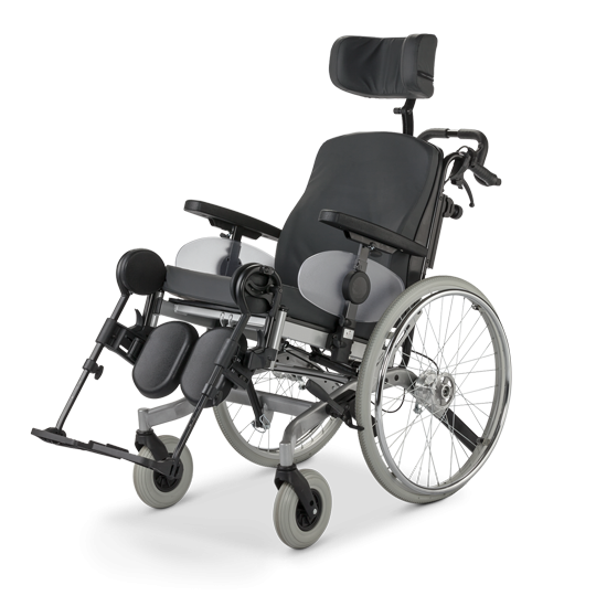 Součástí základní výbavy invalidního vozíku jsou polohovací stupačky s úhlově nastavitelnými podnožkami, bubnové brzdy pro doprovod, mělká hlavová opěrka a stabilizační kolečka.
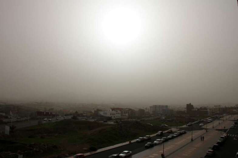 Desde este mediodía, se observa desde el casco de Telde como aumenta la entrada de calima, dejando sin visibilidad la línea de costa del litoral teldense, medianías y cumbres, y escondiendo la trayectoria solar hacia las cumbres. Hacia el suroeste del municipio también se aprecia una calima con visibilidad reducida que contrasta con el verde sobre la húmeda tierra debido a la buena agua caída días atrás.
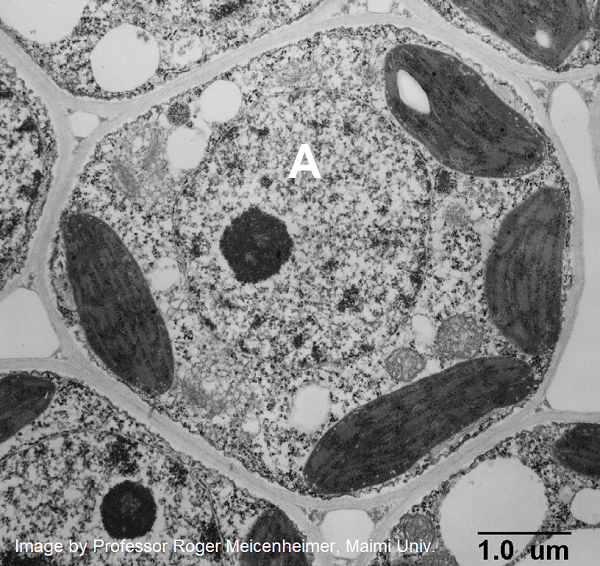 The image shows a transverse section of a plant cell seen using an electron microscope.
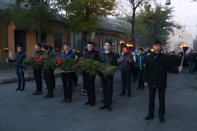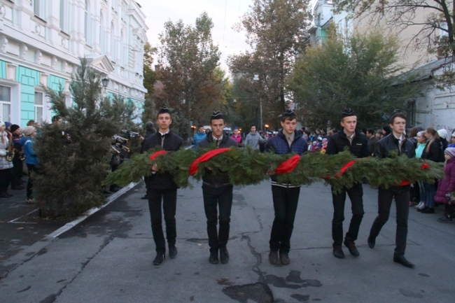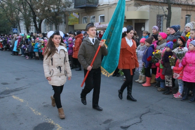 Огромная колонна от самых маленьких, до взрослых воспитанников Дворца творчества, педагогов и родителей, выпускников и неравнодушных к памяти о подвиге солдат-освободителей мелитопольцев выстроилась перед зданием Дворца. По традиции шествие начинается с торжественной линейки, на которой всем присутствующим напомнили, что 72 года назад 23 октября 1943 года доблестные войска 4-го Украинского фронта освободили Мелитополь. 12 улиц нашего города носят имена героев-освободителей. 18-ти дивизиям и соединениям присвоено наименование "Мелитопольские" за мужество и героизм, проявленные при освобождении нашего родного города. 87 бойцов и офицеров получили высокое звание Героев Советского Союза.
____________________
Your assignment: Exactly as they stand, set down the lines from the start of the material through the line with "The image shows", both ends included, omitting the pictures.

Result of the exercise:
 Součástí základní výbavy invalidního vozíku jsou polohovací stupačky s úhlově nastavitelnými podnožkami, bubnové brzdy pro doprovod, mělká hlavová opěrka a stabilizační kolečka.
 Desde este mediodía, se observa desde el casco de Telde como aumenta la entrada de calima, dejando sin visibilidad la línea de costa del litoral teldense, medianías y cumbres, y escondiendo la trayectoria solar hacia las cumbres. Hacia el suroeste del municipio también se aprecia una calima con visibilidad reducida que contrasta con el verde sobre la húmeda tierra debido a la buena agua caída días atrás.
 The image shows a transverse section of a plant cell seen using an electron microscope.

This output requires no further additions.